__TASK REQUIREMENTS__.
From the records that follow, return exactly the lines beginning at the one that contains "Spice up your" and ending at the one that contains "創(chuàng)新式凸筋蒸格+導流槽設(shè)計包點不沾底", pictures left out.

__DATA TO PROCESS__.
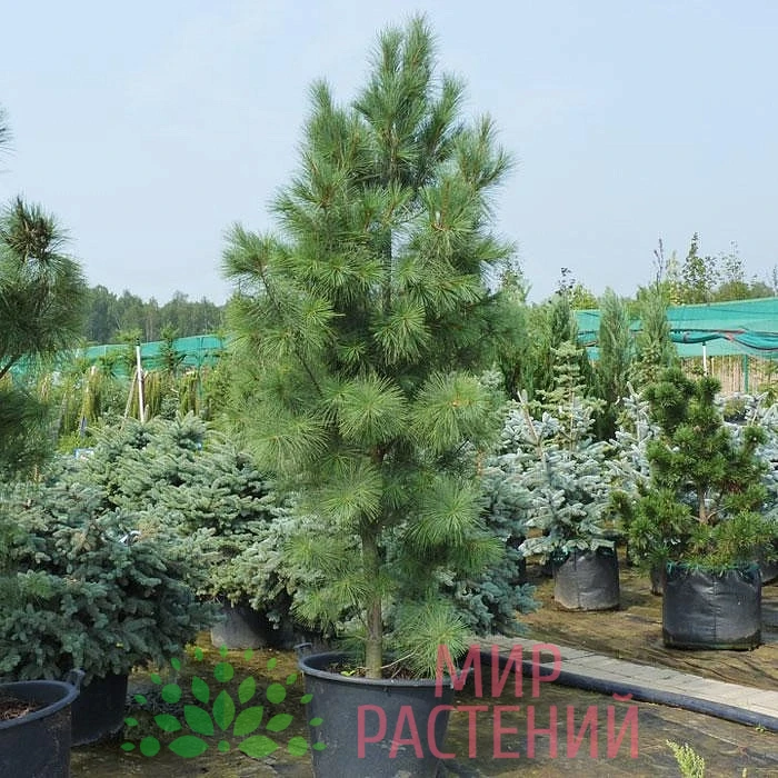 Внешний вид: Дерево формирует узкую, плотную колонновидную крону с вертикально растущими основными ветвями и короткими боковыми побегами. Хвоя длинная, мягкая, тонкая, собрана в пучки по пять хвоинок, окрашена в красивый голубовато-зеленый цвет. Растет умеренно быстро, сохраняя стройную форму без дополнительной формировки.
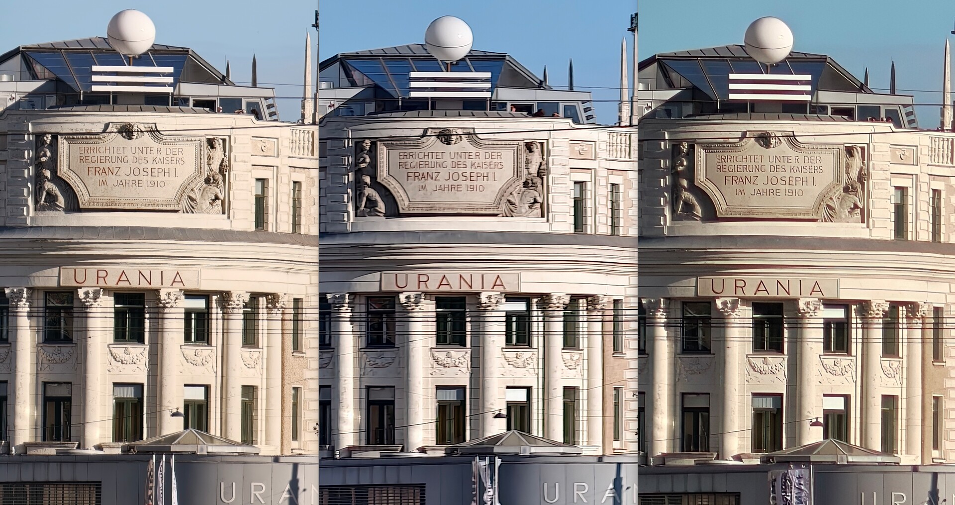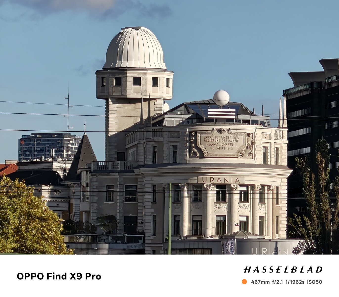 In our crop comparison using the Vienna Urania as an example, the differences become even clearer. Nothing can replace true optical zoom. However, the larger telephoto sensor of the Vivo X200 Ultra and maybe its slightly better zoom algorithms can compensate the lack of optical zoom better than the Oppo Find X9 Pro.
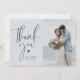 wedding thank you photo card with elegant black stylish script and a thank you message to your guests. The image can be personalized.
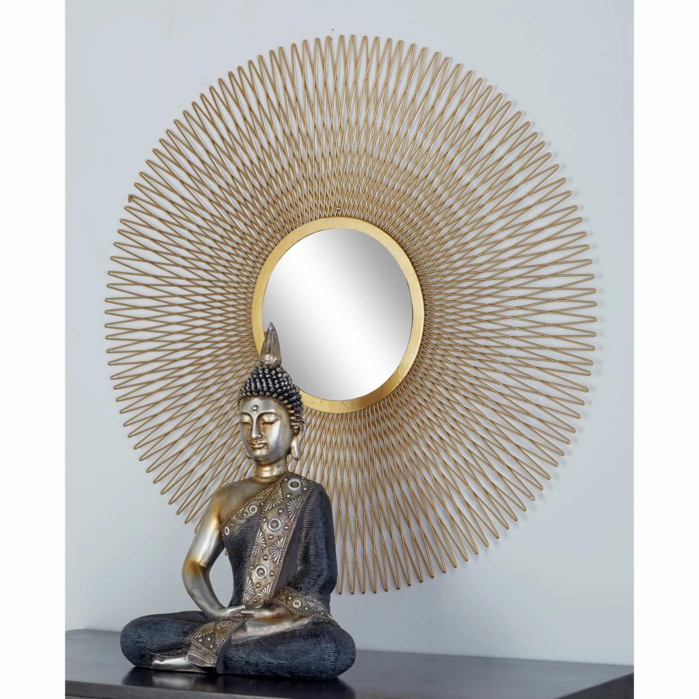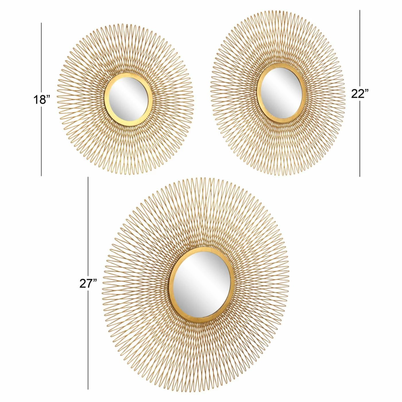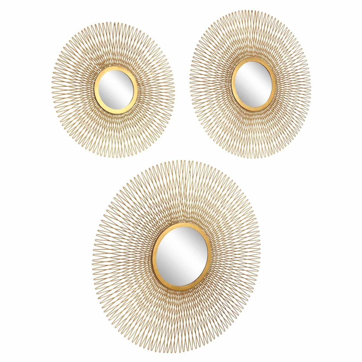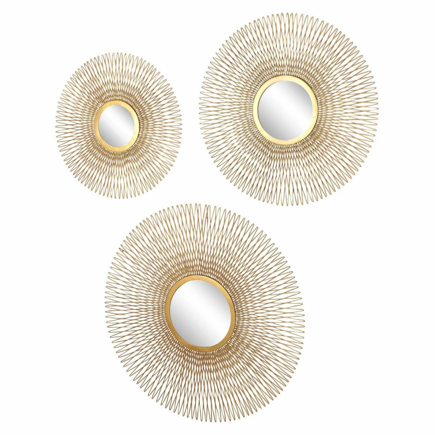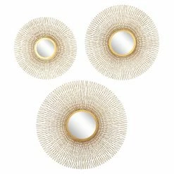 Spice up your modern decor with the DecMode Tin and Glass Round Gold Wire Sunburst Wall Mirrors – Set of 3. The set provides three sunburst round mirrors with richly colored gold-finished tin frames.
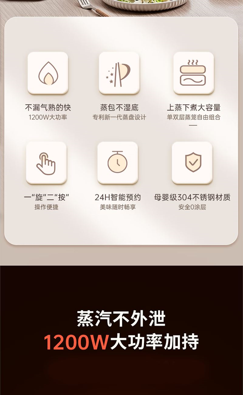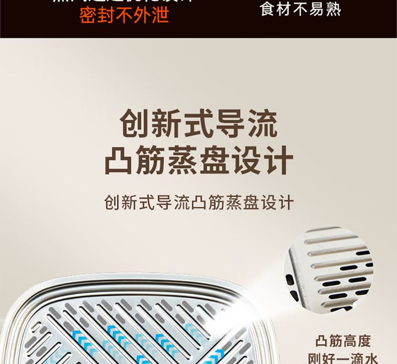 創(chuàng)新式凸筋蒸格+導流槽設(shè)計包點不沾底
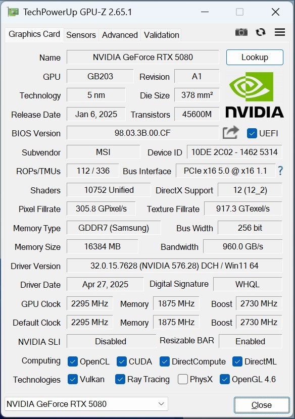 从GPU-Z读取到的信息来看,微星RTX5080 16G神龙首发限定版显卡拥有10752个CUDA核心,16GB GDDR7显存,总线带宽 256bit,带宽速率960GB/s,像素填充率305.8GPixel/s,纹理填充率为902.2GTexel/s,光栅单元和纹理单元为112/336,核心频率2295MHz,显存频率为1875MHz,Boost频率为2730MHz。
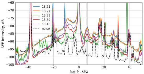 In addition to a zoomed fragment of the photometer data presented in Figure 3 (upper panel) for green (557.7 nm) and red (630 nm) lines, the ionospherically reflected PW signal and SEE intensity averaged over the frequency range kHz are shown in the lower panel of the Figure 4. This range belongs to the prominent SEE spectral feature, so-called Upshifted Maximum (see e.g., [42]). The whole SEE spectra registered at two minutes after the continuous pumping was switched on and averaged over 1 s for 5 successive pumping cycles, as shown in Figure 5. Note that at some frequencies, the SEE spectra are contaminated by interference from radio stations, which is illustrated by the “noise’’ line (dashed) in the Figure 5. This line corresponds to the spectrum registered during the pause in the PW radiation. Particularly, this concerns the frequency range kHz, where the most prominent SEE spectral feature, the Downshifted Maximum, exists. This is why we have chosen the frequency range kHz, which belongs to other prominent SEE spectral features, the Upshifted Maximum, for Figure 4, which is interference free. This range is highlighted by gray in Figure 5. From Figure 4 (lower panel) and Figure 5, it is seen that the reflected PW signal is stronger (by ∼10–15 dB), while the SEE is weaker by ∼5–10 dB during the cycle with continuous pumping at 18:31–18:33:30 UT rather than during other cycles. A strong decrease of the reflected PW signal during continuous pumping (so-called anomalous absorption), the SEE generation, as well as the red line emission enhancement are known to be related to the processes occurring near the reflection altitude of the PW in the F-region where plasma (Langmuir and/or upper hybrid) waves are effectively excited by the pump wave (e.g., [42]). Therefore, it is confirmed that during this cycle, the degradation of the F-region-related phenomena (anomalous absorption, SEE generation and 630 nm intensity enhancement) are related to blocking of the upper layers from the PW by sporadic E while the HF-induced 557.7 nm line emission generation occurs in the .

__OUTPUT__.
 Spice up your modern decor with the DecMode Tin and Glass Round Gold Wire Sunburst Wall Mirrors – Set of 3. The set provides three sunburst round mirrors with richly colored gold-finished tin frames.
 創(chuàng)新式凸筋蒸格+導流槽設(shè)計包點不沾底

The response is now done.